However, the above two types of location query-based schemes are based on traditional cloud computing scenarios, and the hardware security protection level is relatively low compared to the TEE-based schemes. Moreover, due to the existence of TEE, the latter has a huge advantage in client computing and communication overhead. In terms of efficiency, although the overall computing overhead of the server will increase in the TEE-based scheme, the computing efficiency inside the TEE is significantly higher than other privacy protection schemes. Therefore, in the TEE-based scenario, the way in which to achieve the optimal location query in terms of security and performance is the focus of our research.

3. Preliminaries

3.1. Bilinear Pairings

Let $\mathbb{G}$ and ${\mathbb{G}}_{\mathbb{T}}$ be two cyclic multiplicative groups with the same order q, and let g be a generator of $\mathbb{G}$. Meanwhile, let $e:\mathbb{G}\times \mathbb{G}\to {\mathbb{G}}_{\mathbb{T}}$ be a bilinear map [21] which meets the following properties:

• Bilinearity: $\forall Q,R$∈$\mathbb{G}$ and $a,b$∈${\mathbb{Z}}_p$, $e(Q^a,R^b)=e{(Q,R)}^{ab}$.
• Non-degeneracy: $e(g,g)\ne 1_{{\mathbb{G}}_{\mathbb{T}}}$, where 1 is an unit of ${\mathbb{G}}_{\mathbb{T}}$.
• Computability: $\forall Q,R\in \mathbb{G}$, there exists an efficient algorithm to compute $e(Q,R)$.

3.2. Discrete Logarithm Problem

This problem was proposed by [22]; that is, given $g,h\in \mathbb{G}$, it is difficult to identify an $x\in \mathbb{G}$ such that $g^x=h$.

3.3. Collision-Resistant Hash Function

A collision-resistant hash function was provided by [23] and meets the following conditions:

• The input X can be of arbitrary length, while the output $H\left(X\right)$ has a fixed length of n bits (with $n\ge 128$).
• The hash function must be one-way, meaning that, given a Y in the range of H, it is hard to find a message X such that $H\left(X\right)=Y$. Furthermore, given X and $H\left(X\right)$, it should be challenging to find another message $X^{\prime }\ne X$ such that $H\left(X^{\prime }\right)\ne H\left(X\right)$.
• The hash function must be collision-resistant, meaning that it is difficult to find two distinct messages that produce the same hash result.

3.4. NN and RNN Query

Before introducing nearest neighbor (NN) and reverse nearest neighbors (RNN), it is essential to first understand Euclidean distance.
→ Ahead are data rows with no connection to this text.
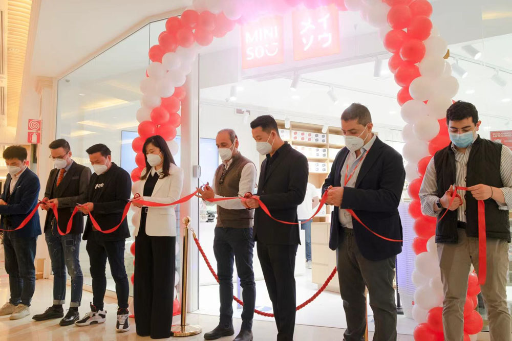 名创优品意大利负责人徐旭伟(右三)与嘉宾共同为新店开张剪彩。(图片来源:名创优品意大利提供)
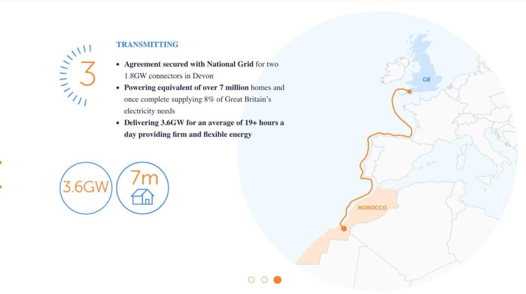 2021年对外公布的摩洛哥—英国电力项目是Xlinks公司的旗舰项目。根据项目规划,Xlinks将在摩洛哥西南部的坦坦省建造一个总面积1500平方英里的太阳能和风能发电基地,并通过长达4000公里的高压直流海底电缆,将摩洛哥的新能源电力送至英国。
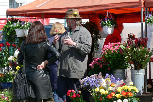 Torikauppiaiden myyntiteltat Helsingin Kauppatorilla ilahduttavat värikkyydellään ohikulkijoita ja muistuttavat itsekin suuria kukkakimppuja.

Euclidean distance [24] is a metric that can be used to calculate nodes of different dimensions in order to measure the length between nodes. Based on [25], the Euclidean distance $dist(a,b)$, with the two-dimensional points $a=(x_1,y_1)$ and $b=(x_2,y_2)$, could be determined as follows:

$$dist(a,b)=\sqrt{{(x_1-y_1)}^2+{(x_2-y_2)}^2}$$

(1)

Generally speaking, nearest neighbor (NN) [8,26] query has garnered widespread attention in the spatial database research community. For example, when point A is closer to point B than other points, we say that point A is the nearest neighbor of point B. Conversely, we also refer to point B as one of the reverse nearest neighbors (RNN) of point A. In other words, an RNN query identifies a set of points for which the query point serves as their nearest neighbor, i.e., it calculates the Euclidean distance between the query point and other points. The RNN query was first proposed in [16]. There are two variants of RNN queries [9]: a monochromatic version and a bichromatic version. Given a facility $\mathcal{F}$, that is, a location of the $\mathcal{F}$, the bichromatic RNN query finds the set of objects that has $\mathcal{F}$ as the nearest neighbor. Please note that we typically assume, in optimal location query scenarios, that each object prefers the nearest facility.

Definition 1

(RNN query). Given a set of facility locations $\mathcal{F}=\{f_1,f_2,\dots ,f_s\}$, the purpose of the RNN query is to find RNNQ($\mathcal{F}$)=$\{nu{m}_j=\left|\right\{l_i|l_i$ is RNN of $f_j\left\}\right|$, $1\le j\le s$, where $l_i$ represents the location of customer $x_i$ and $|·|$ denotes the cardinality of a set. In other words, it aims to determine the cardinality of the reverse nearest neighbors (RNNs) for each facility $f_j$.

For a RNN query, the query result $Q=RNNQ\left(\mathcal{F}\right)$ is an s-vector (ordered set) of RNN cardinalities, where the largest element in the vector of size s corresponds to the facility that is the optimal facility location; in other words, the facility that attracts the maximum number of customers.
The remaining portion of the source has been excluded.